» Task item
Repeat the listing that follows exactly. Pictures are not part of the copy.

» Data for the task
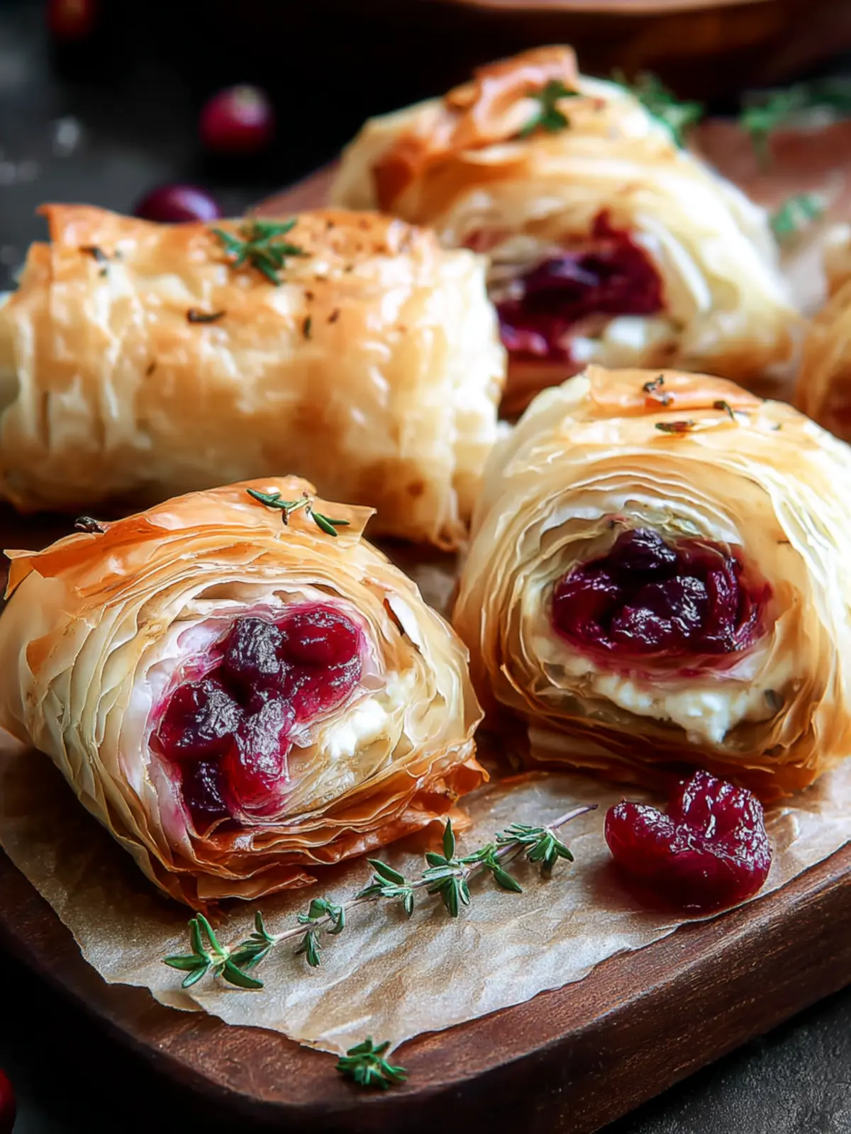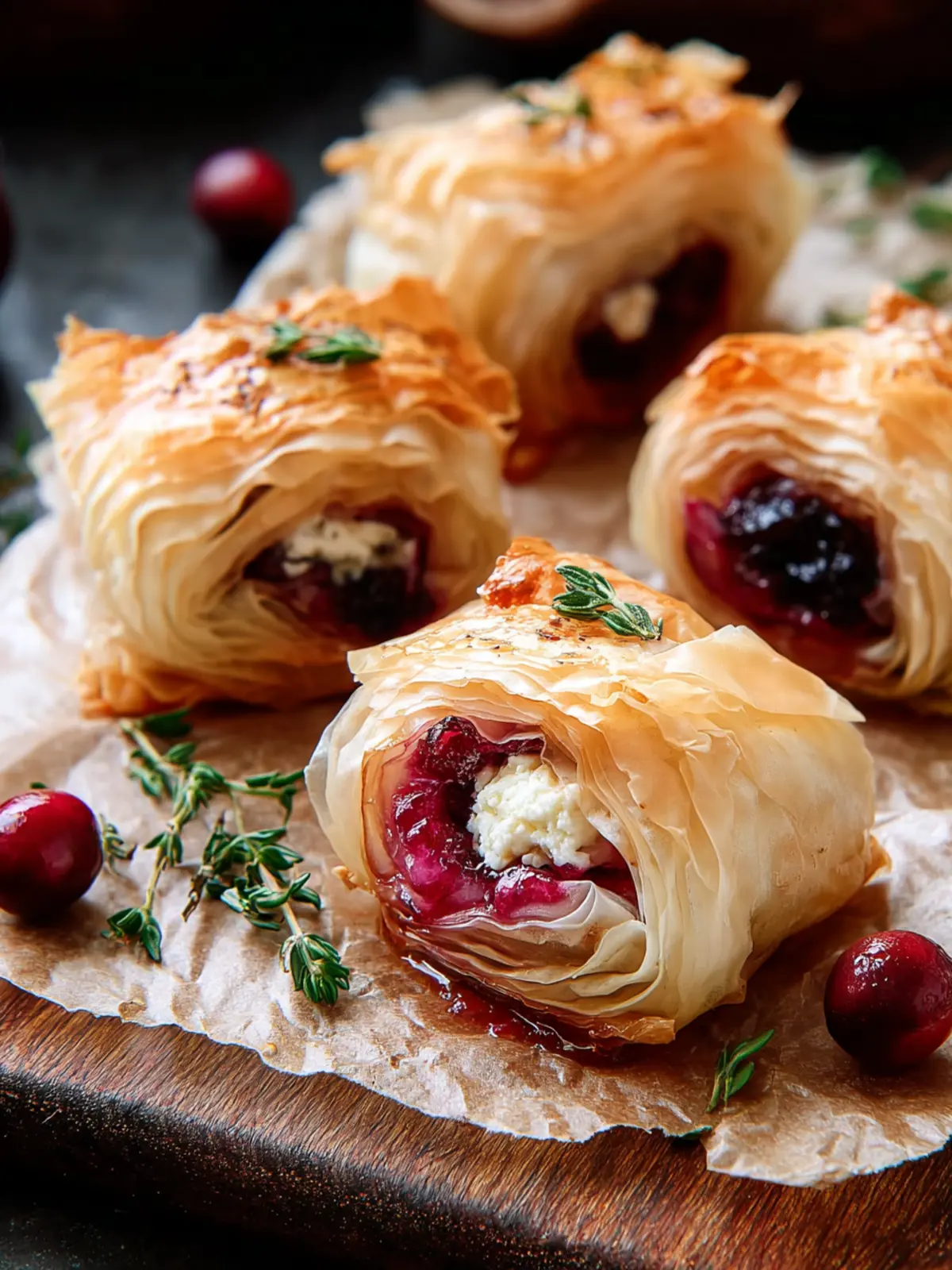 Deliciously flaky phyllo rolls filled with creamy goat cheese, tart cranberry sauce, and aromatic rosemary.
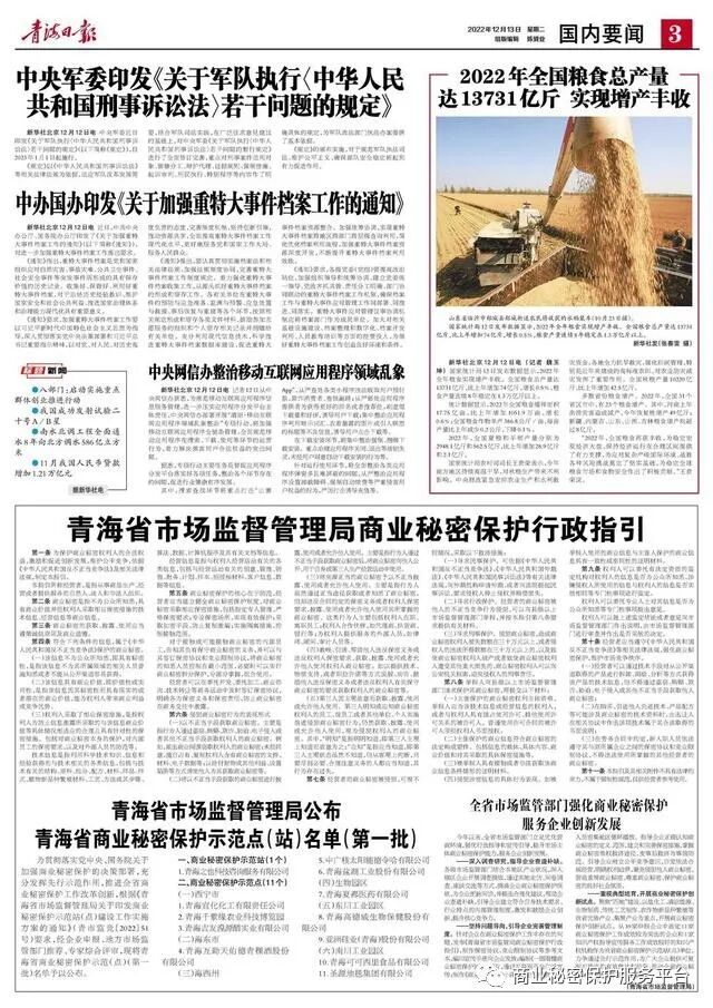 《青海日报》(2022年12月13日 第3版:国内要闻)
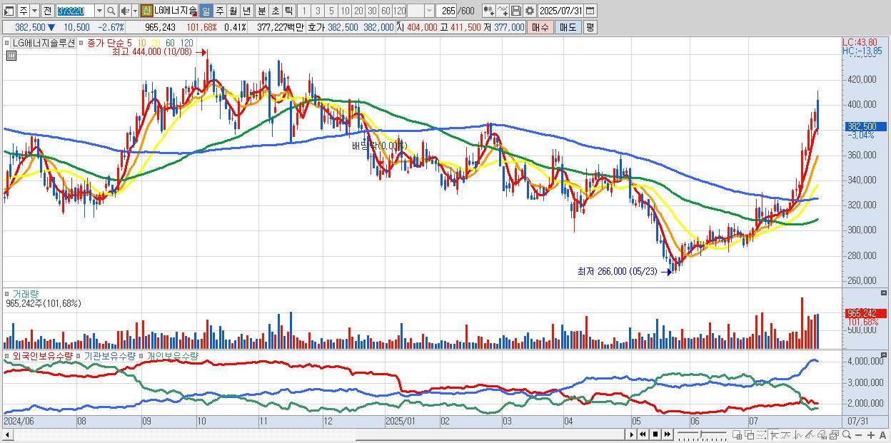 - LG에너지솔루션 (382,500원 ▼ -2.67% , 시총: 895,050억, 거래량: 694,580, 거래대금:2,706억)
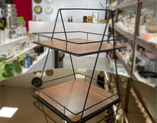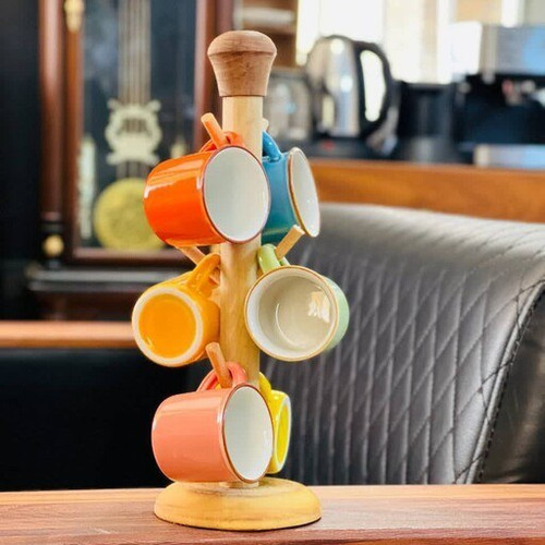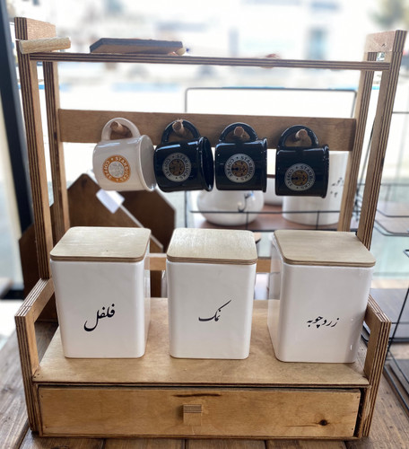 استند چوبی آشپزخانه 2طبقه کشو و آویز لیوان دار
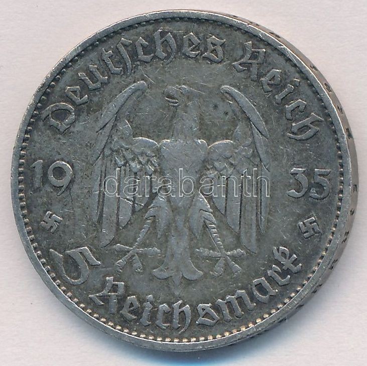 Német Harmadik Birodalom 1935D 5M Ag "Náci hatalom első évfordulója" T:2 patina
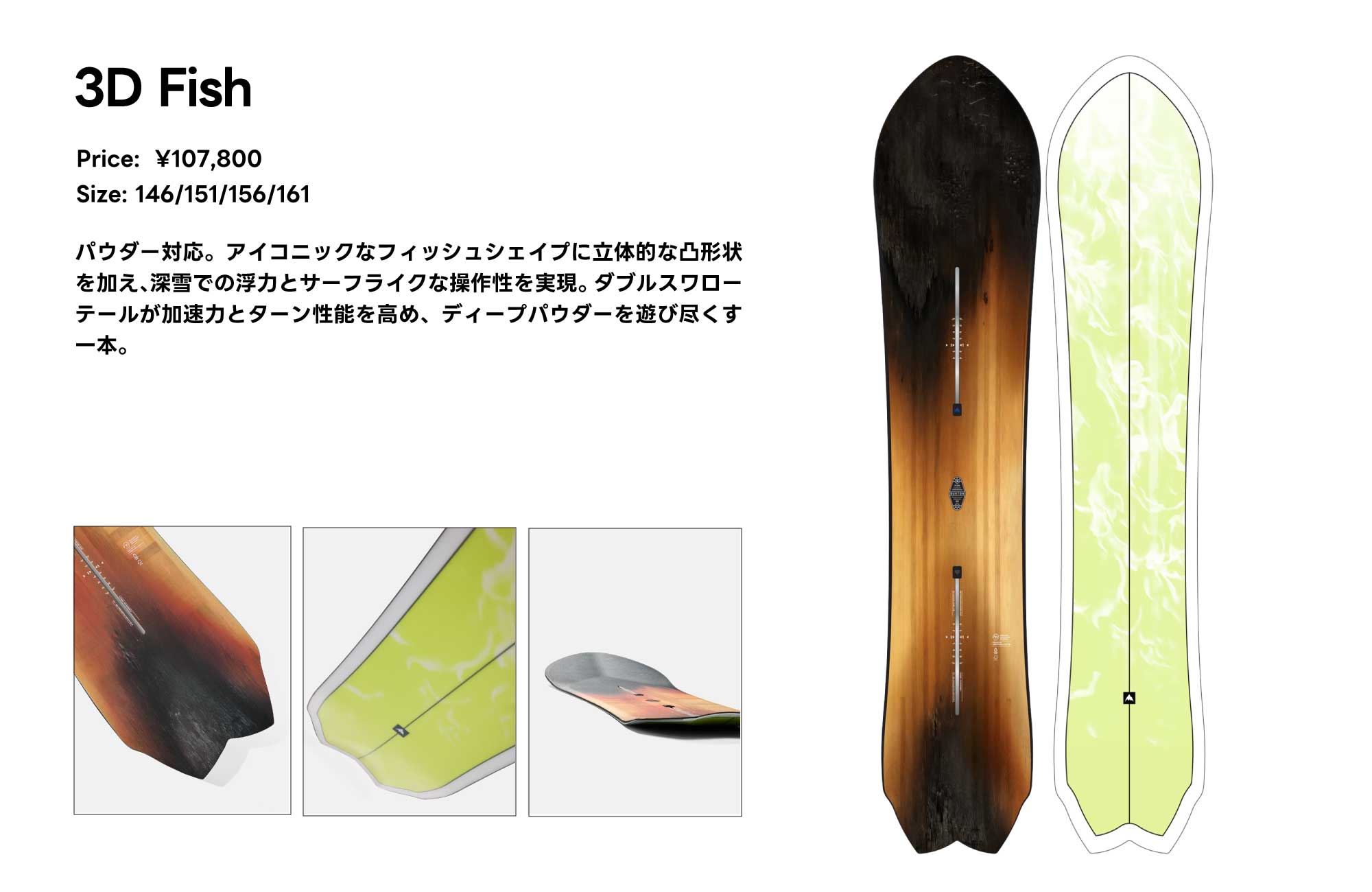 そうした現実的な条件を満たしてくれるのがFish。伝統的なパウダーボードでありながら、最新のFish 3Dはノーズとテールに工夫を加え、深雪では浮力をしっかり確保しつつ、圧雪や春雪でも扱いやすいバランス設計となっている。「春のざらめ雪や荒れたコンディションでも、Fishなら違った楽しみ方ができる」と小鹿さんのお勧めはFish 3D。

» Task response
 Deliciously flaky phyllo rolls filled with creamy goat cheese, tart cranberry sauce, and aromatic rosemary.
 《青海日报》(2022年12月13日 第3版:国内要闻)
 - LG에너지솔루션 (382,500원 ▼ -2.67% , 시총: 895,050억, 거래량: 694,580, 거래대금:2,706억)
 استند چوبی آشپزخانه 2طبقه کشو و آویز لیوان دار
 Német Harmadik Birodalom 1935D 5M Ag "Náci hatalom első évfordulója" T:2 patina
 そうした現実的な条件を満たしてくれるのがFish。伝統的なパウダーボードでありながら、最新のFish 3Dはノーズとテールに工夫を加え、深雪では浮力をしっかり確保しつつ、圧雪や春雪でも扱いやすいバランス設計となっている。「春のざらめ雪や荒れたコンディションでも、Fishなら違った楽しみ方ができる」と小鹿さんのお勧めはFish 3D。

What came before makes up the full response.